A long-running conversation on LinkedIn features a variety of PR pros giving their views on sharing media lists with clients and soliciting opinions in regard to policies employed at various agencies. While the intent of the original poster was to solicit opinions on whether (s)he should share a media list with a client, it actually opened up a whole can of worms.
The central issue, as I and other respondents see it, is that this wouldn't even really be an issue if PR pros better positioned themselves and were more confident in their abilities. In other words, while tactics and the success of the tactics employed are a big part of what makes of successful, the strategy used to determine the actual tactics is what determines everything.
Unfortunately, strategy is something we rarely talk about. Pitch meetings with prospective clients are dominated by promises of high-level media placements and pronouncements of capabilities. Yet, the very fact that these elements take center stage at a pitching meeting sets up a situation where you're going to live or die by the hits only. It also positions the industry as little more than a telemarketing operation specializing in delivering marketing messages.
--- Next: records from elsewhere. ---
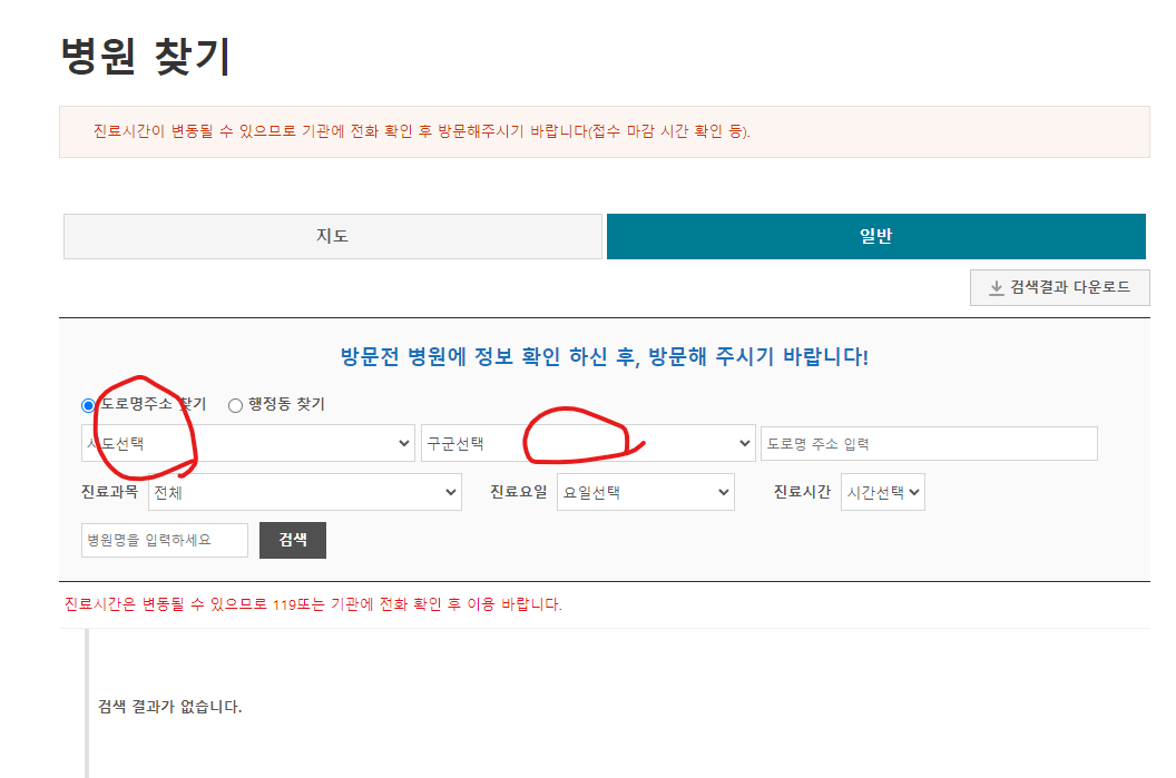 링크로 들어가신 다음 본인이 거주하고 있는 시. 도와 구. 군을 선택하신 후 검색을 눌러주세요.
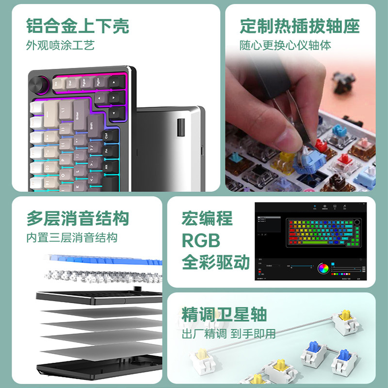 75铝坨坨机械键盘有线客制化套件电竞游戏专用女生办公全铝金属
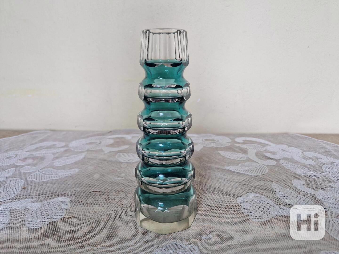 Autorská broušená váza, čiré a zeleno-modré sklo- severni Čechy, 20 stol.
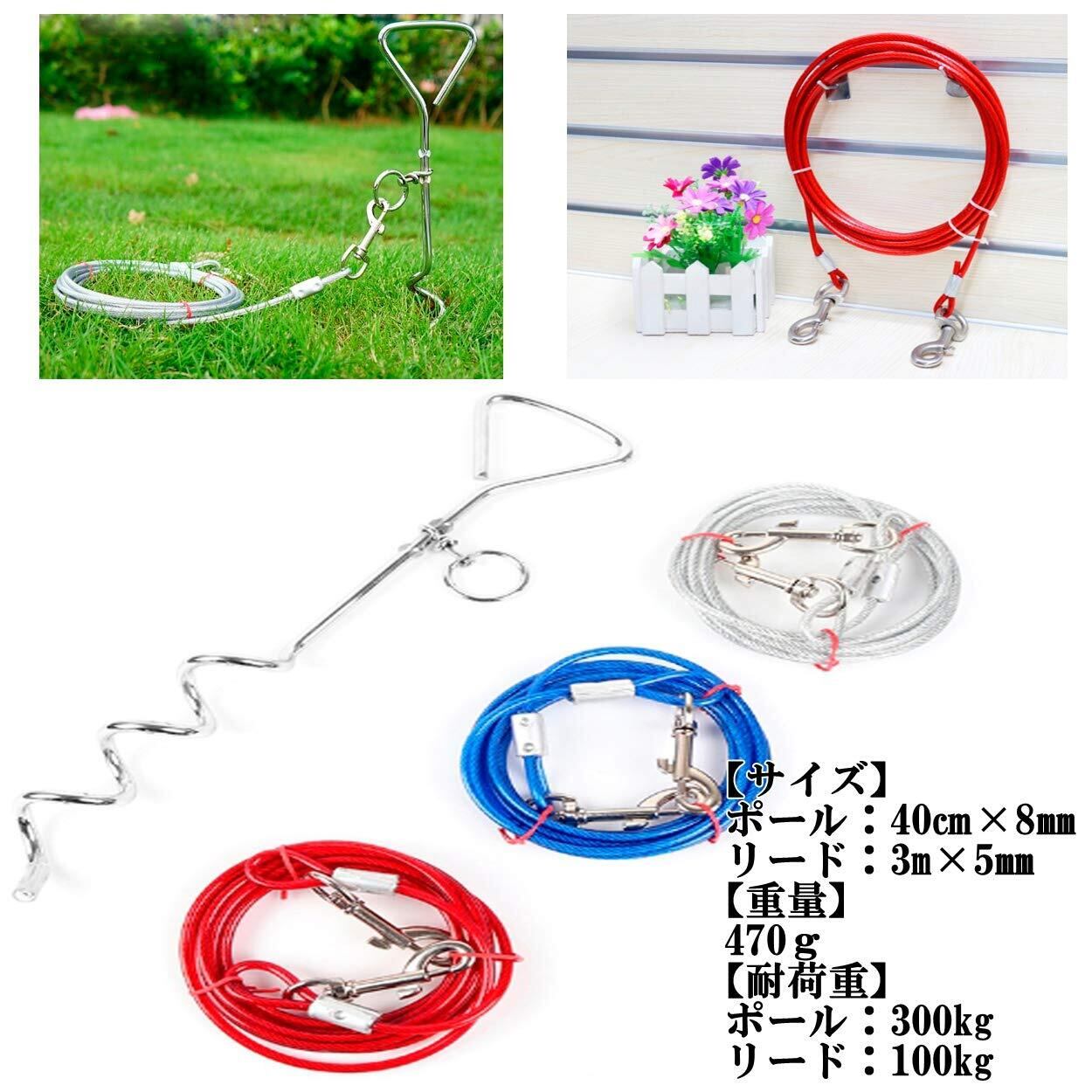 【カラー】ブルー・シルバー・レッド 【サイズ】ポール:40㎝×8㎜ ワイヤー:3m×5㎜ 【重量】470g 【セット内容】係留ポール×1、ワイヤーリード×1
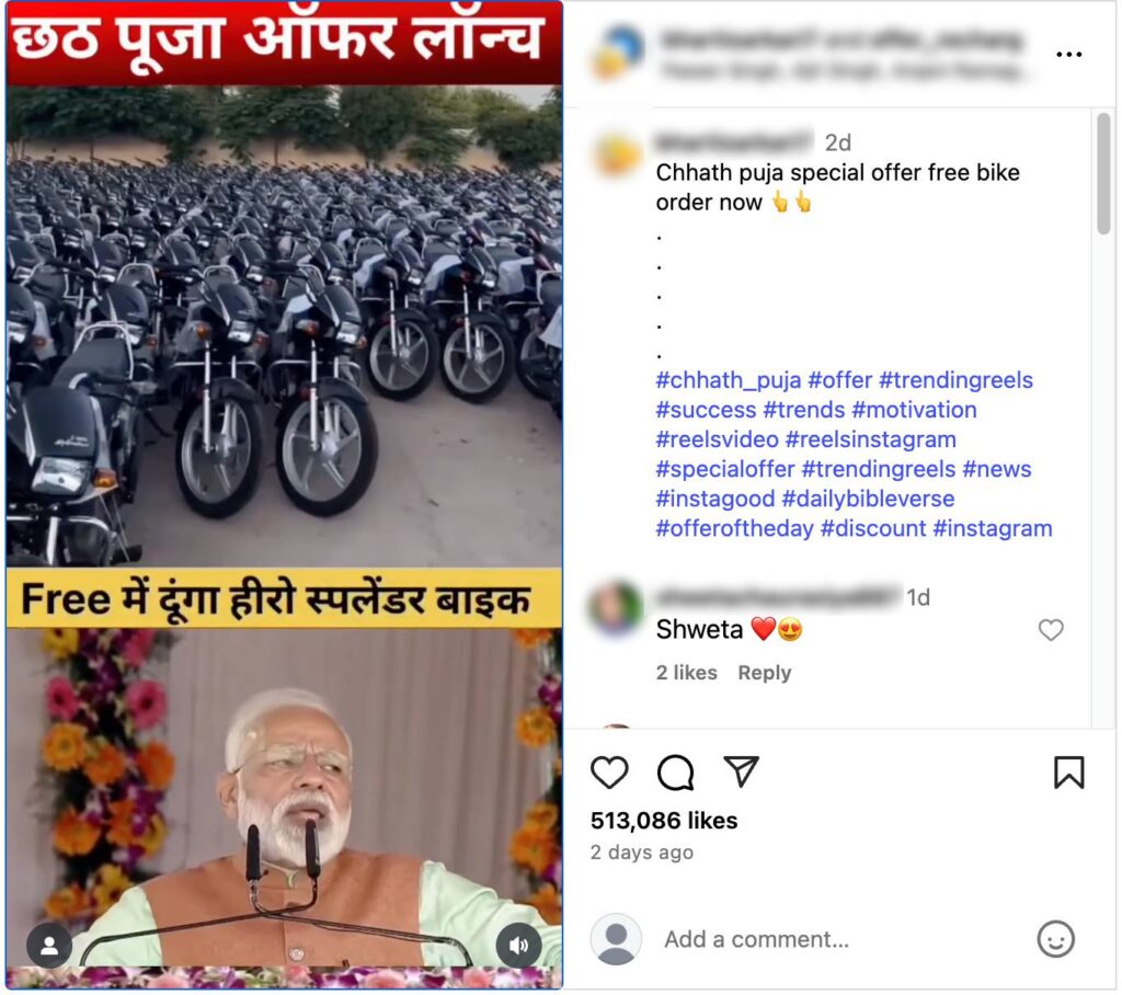 As India celebrates Chhath Puja 2025 (here, here, here, and here), a purported video claiming to show Prime Minister Modi announcing a free bike scheme for the occasion is going viral on social media platforms (here, here, here, and here). Through this article, let us fact-check the claim made in the post.

Any PR pros who work for small or mid-sized businesses can back this up. Often, clients will leap the assumption that if you don't personally know every editor at a publication you're pitching, you'll go nowhere. They don't even think about the fact that the messaging you use and other elements you create will be as instrumental, if not more so, than any relationships you may have. No one expects every lawyer to know every judge they may appear before on a personal level, but yet PR pros have let themselves get backed into that corner. Worse still, we've got no one to blame but ourselves.
My challenge to PR pros out there: Position yourself as a strategist who employs customized tactics that suit a client. Don't let yourself be known as someone who only does the "smile and dial."